[Data extracted from a collection]
= Beginning of Section =
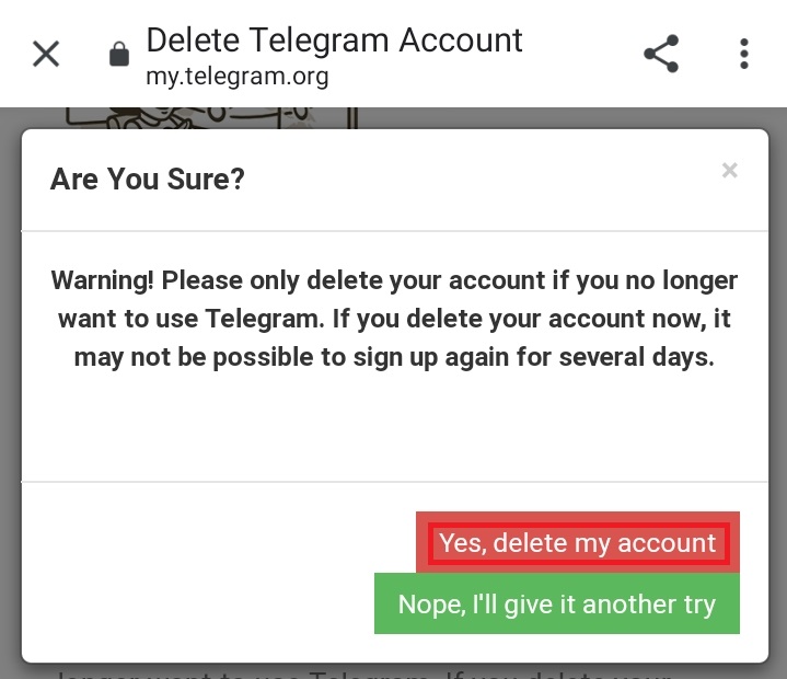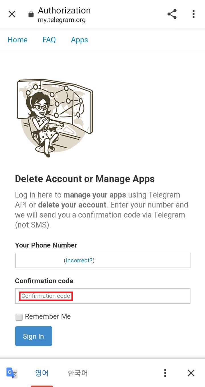 텔레그램 계정 삭제 방법 - 계정 삭제 페이지
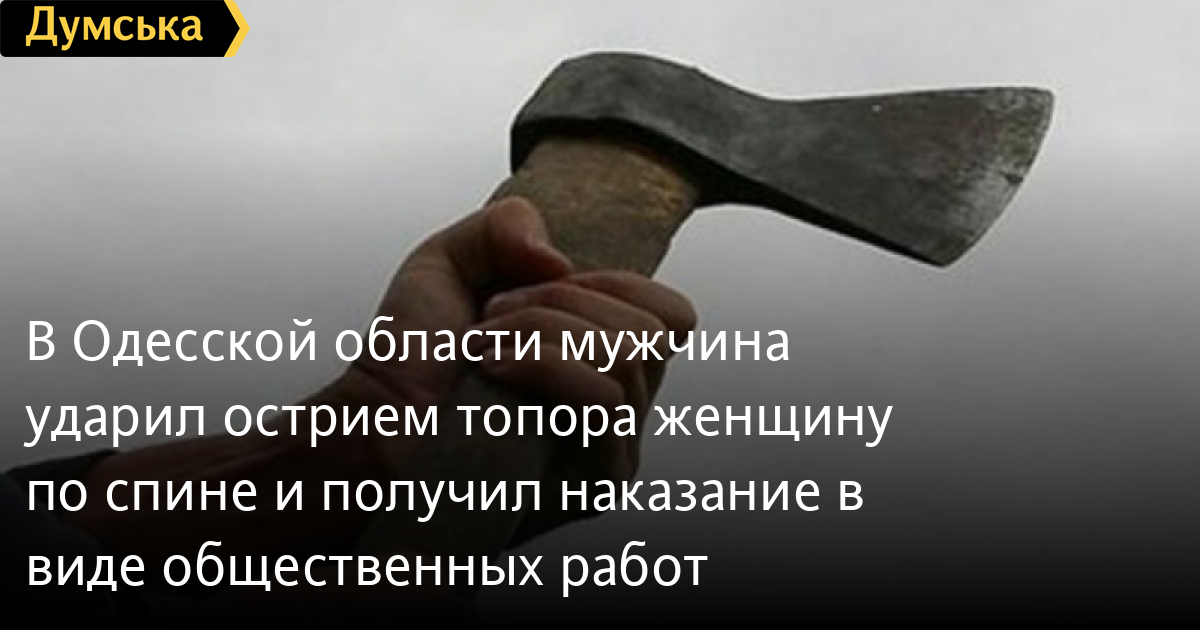 В Одесской области мужчина ударил острием топора женщину по спине и получил наказание в виде общественных работИзмаильский горрайонный суд приговорил жителя одного из близлежащих сел к 240 часам общественных работ, а также выплате 29 тыс. 249 грн морального ущерба женщине, которую он ударил острием топора по спине и нанес ей рубленную рану в районе пятого позвонка. Как сообщается в решении суда, полученная пострадавшей травмой была квалифицирована как легкое телесное повреждение, которое повлекло краткосрочный разлад здоровья. Нападавшего судили по ч.2 ст.125 УК Украины. Инцидент произошел вечером 10 апреля. Фигурант проходил мимо частного дома соседей и у него завязалась ссора с женщиной, которая работала по хозяйству возле забора. Подсудимый говорил, что женщина оскорбляла его и не реагировала на его попытки ее успокоить, поэтому он вернулся домой за топором, чтобы припугнуть ее, после чего ударил отвлекшуюся соседку по спине. Пострадавшая же говорила, что нападавший был пьян, шел мимо и что-то бормотал. Она отвернулась от него и тут почувствовала удар внизу спины. После этого, по ее словам, сосед еще дважды замахивался на нее топором. После нападения на крик женщины из дома выскочил ее муж, который повалил соседа на землю, выбил у него из рук топор и принялся бить его кулаками по лицу. Свидетели говорят, что слышали, как пострадавшая кричала мужу: «Бей сильней!». Во время суда выяснилось, что между соседями уже давно был конфликт. Соседка часто ругалась с мужчиной, который в результате ударил ее топором, свидетели говорят, что она «учила его жизни». Пострадавшая женщина вместе с мужем в 2015-м установила камеры видеонаблюдения, которые по решению сельсовета должны были снять. Несколько свидетелей указали, что схватившийся за топор мужчина всегда был спокойным, уравновешенным и неконфликтным человеком. После инцидента мать фигуранта перечислила пострадавшей 9280 гривен на лечение. Пострадавшая деньги не приняла, однако факт компенсации нанесенного урона суд причислил к обстоятельствам, которые смягчают степень вины подсудимого. СМЕРТЬ РОССИЙСКИМ ОККУПАНТАМ! Заметили ошибку? Выделяйте слова с ошибкой и нажимайте control-enter Новости по этой теме: 30 сентября 2021: В Хмельницкой области директор школы предстанет перед судом из-за буллинга в его учебном заведении 16 сентября 2021: В Одессе 52-летний мужчина пойдет под суд за развращение и изнасилование десятерых несовершеннолетних девочек 12 сентября 2021: Под Киевом после застолья обнаружен мертвым судья столичного райсуда 2 сентября 2021: Дело о госизмене: Медведчуку продлили домашний арест на два месяца |
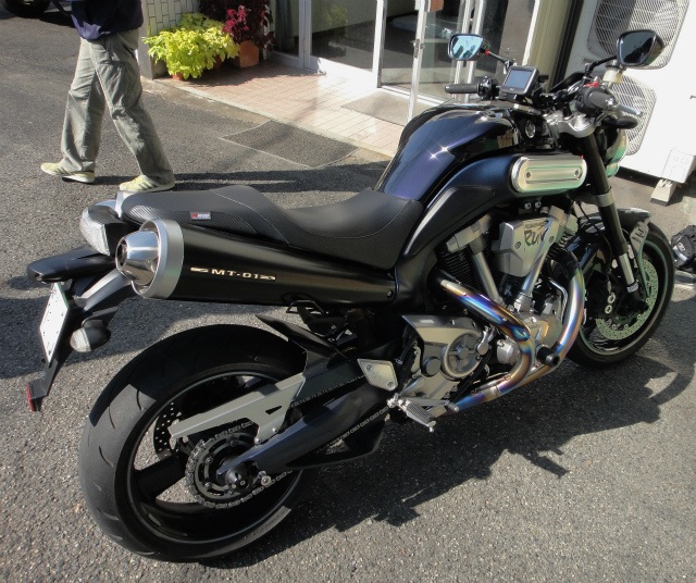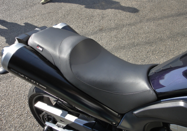 YAMAHA MT-01のシートの張替と、中身の改造をされたお客様がバイクに乗って来ました。
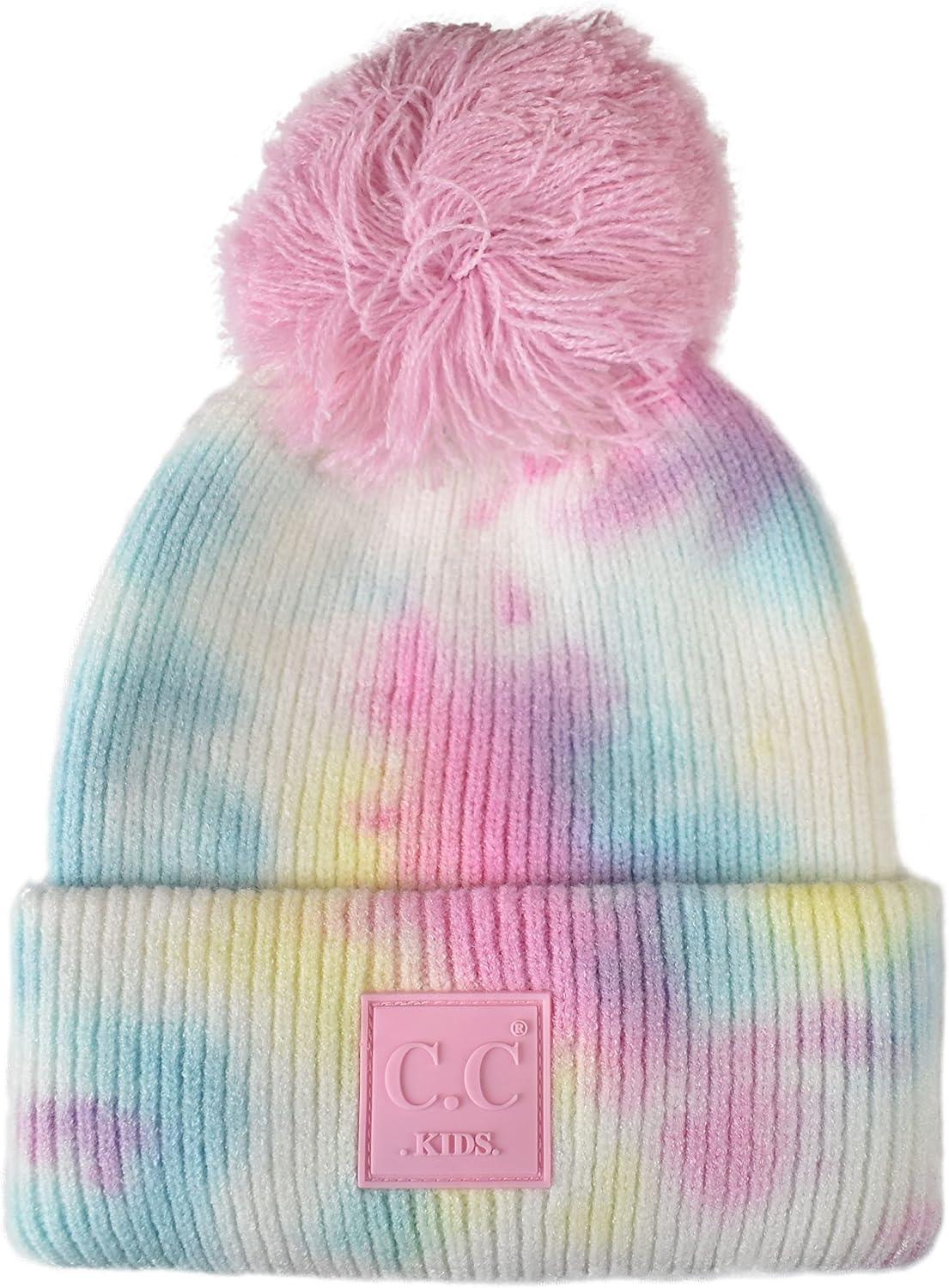 C.C Kids' Children's Winter Thick Knit Tie Dye Pom Cuff Beanie(Cotton Candy)
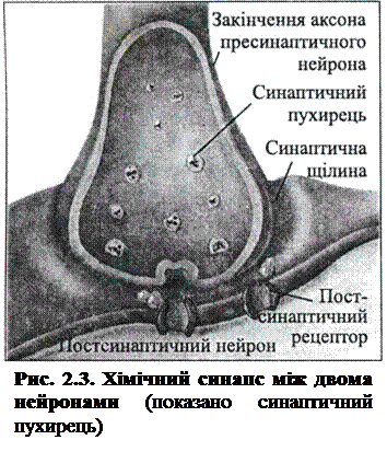 Зв'язок нейронів один з одним здійснюється за допомогою синапсів. Синапс — це ділянка передачі імпульсу з одного нейрона на інший. Найхарактернішим видом синапсів є хімічний синапс, котрий ми і розглянемо. Як видно з рис. 2.3, синапс між двома нейронами включає кінцеву частину аксона нейрона, що несе імпульс; рецепти іншого нейрона та простір між цими структурами. Нейрон, що посилає імпульс через синапс, називається пресинаптичним, а закінчення аксона — пресинаптичними закінченнями.
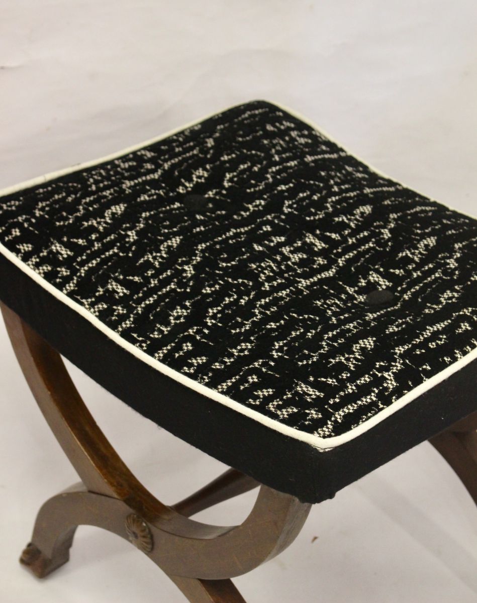 Tabouret Empire 1900 acajou retapissé.
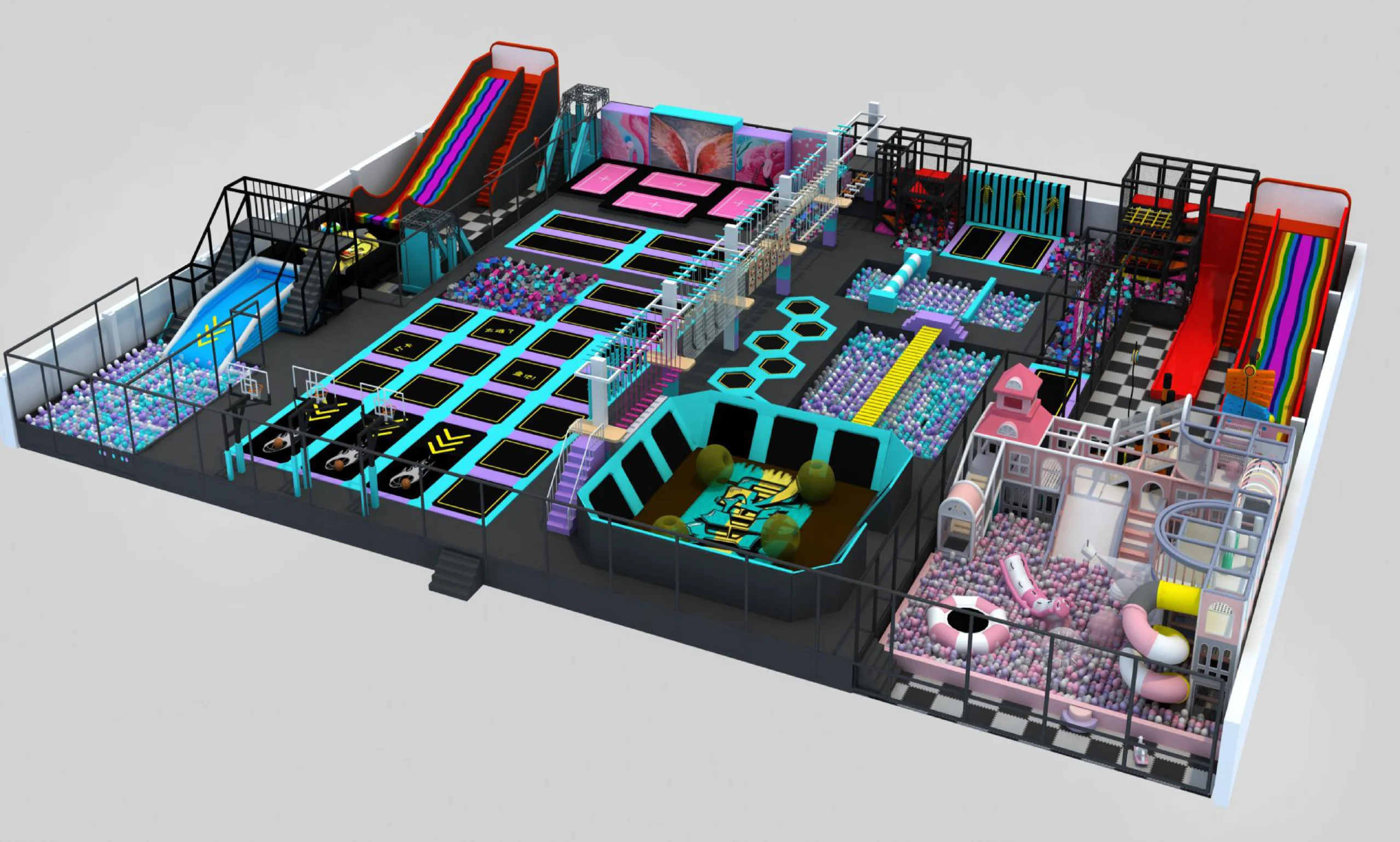 • Extreme Sports Zone: A bold purple/teal/black color scheme featuring professional-grade trampolines, honeycomb-shaped trampoline sections, and “BIG BANG” marked game zones, perfect for teens and thrill-seekers.
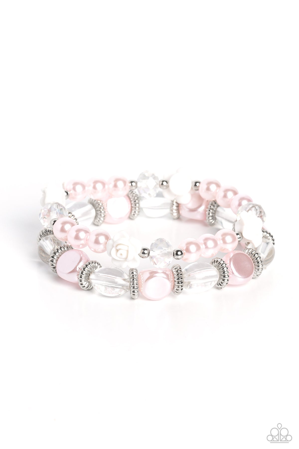 Baby pink pearls, silver studded rings, varying shapes of baby pink and clear beads, silver accents, faceted clear beads, and white resin roses stretch across elastic stretchy bands around the wrist for a refined, floral display.
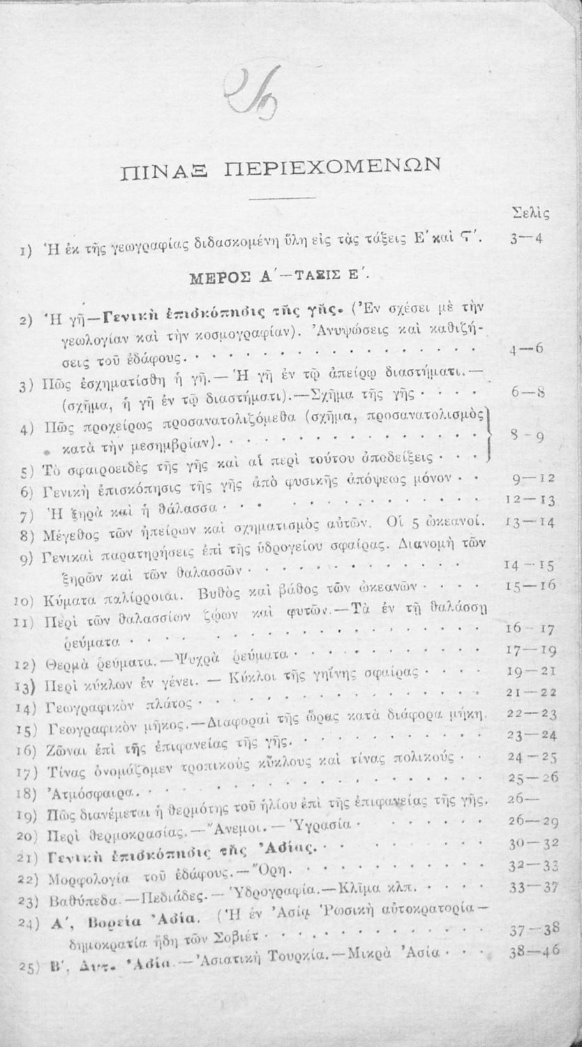 Παρουσίαση περιεχομένου: Σχολικό εγχειρίδιο Γεωγραφίας για τις Ε΄ και ΣΤ΄ Δημοτικού που περιλαμβάνει στοιχεία μαθηματικής και φυσικής γεωγραφίας, γεωλογίας και κοσμογραφίας, και εξετάζει την Ελλάδα και ενδεικτικές χώρες από τις πέντε ηπείρους. Περιέχει και αναφορά στις "αλύτρωτες ελληνικές χώρες" στις οποίες περιλαμβάνει την Σερβική και Βουλγαρική Μακεδονία, τη Βόρεια Ήπειρο, τη Θράκη, τη Μικρά Ασία και την Κύπρο.
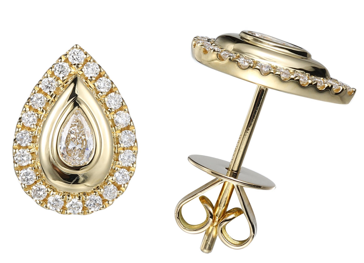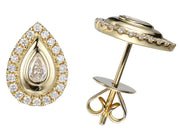 18kt yellow gold micro prong set pear and round brilliant diamond cluster earrings.
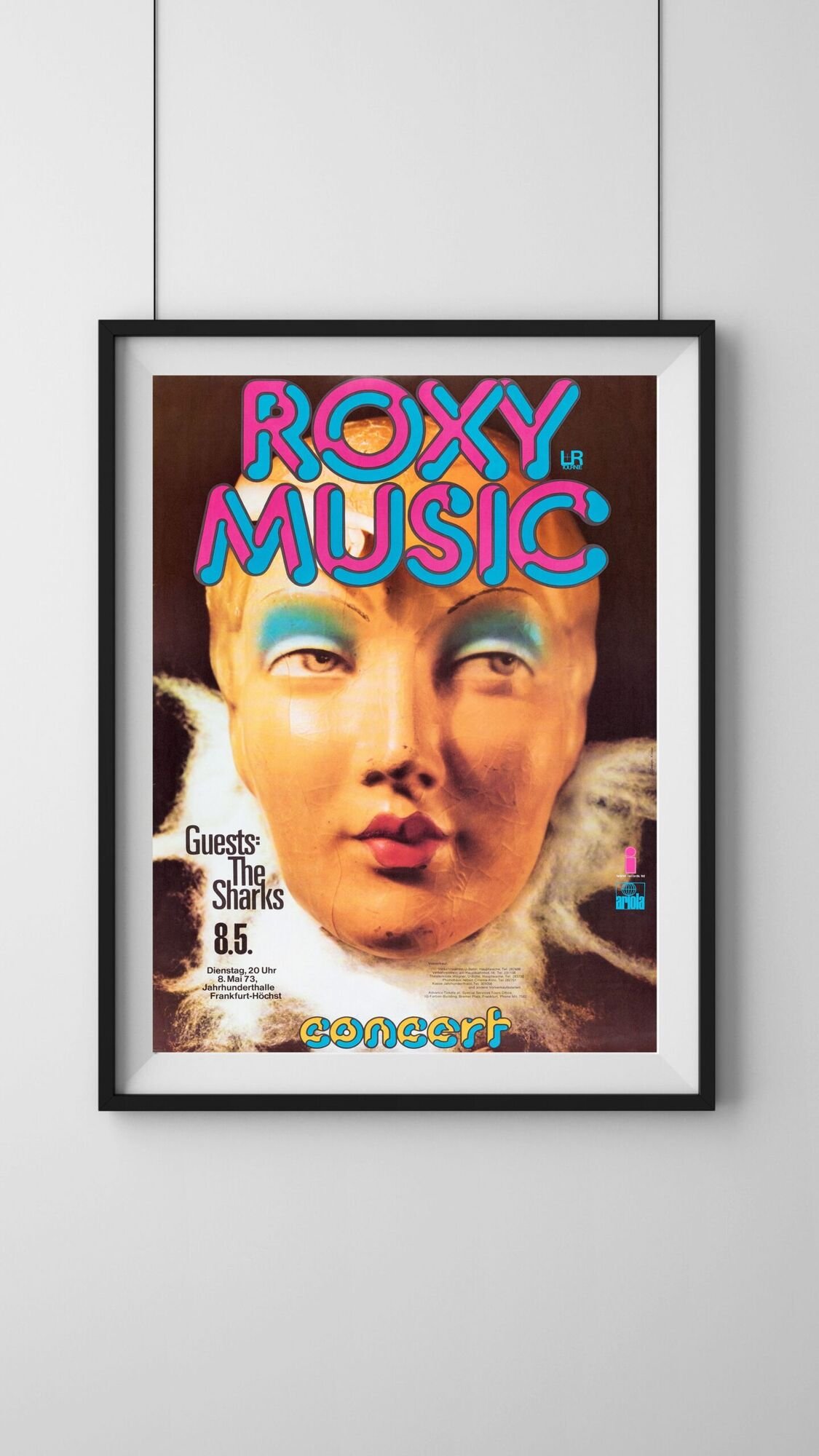 Roxy Music Frankfurt Concert Tour Poster 1970s – Vintage Glam Rock Art Print, Retro European Tour Poster, Music Memorabilia
= End of Section =
About this exercise: Repeat exactly the lines above, beginning at the one containing "Tabouret Empire 1900 acajou retapissé." and ending at the one containing "Baby pink pearls, silver". Do not carry over any pictures.

Solution:
 Tabouret Empire 1900 acajou retapissé.
 • Extreme Sports Zone: A bold purple/teal/black color scheme featuring professional-grade trampolines, honeycomb-shaped trampoline sections, and “BIG BANG” marked game zones, perfect for teens and thrill-seekers.
 Baby pink pearls, silver studded rings, varying shapes of baby pink and clear beads, silver accents, faceted clear beads, and white resin roses stretch across elastic stretchy bands around the wrist for a refined, floral display.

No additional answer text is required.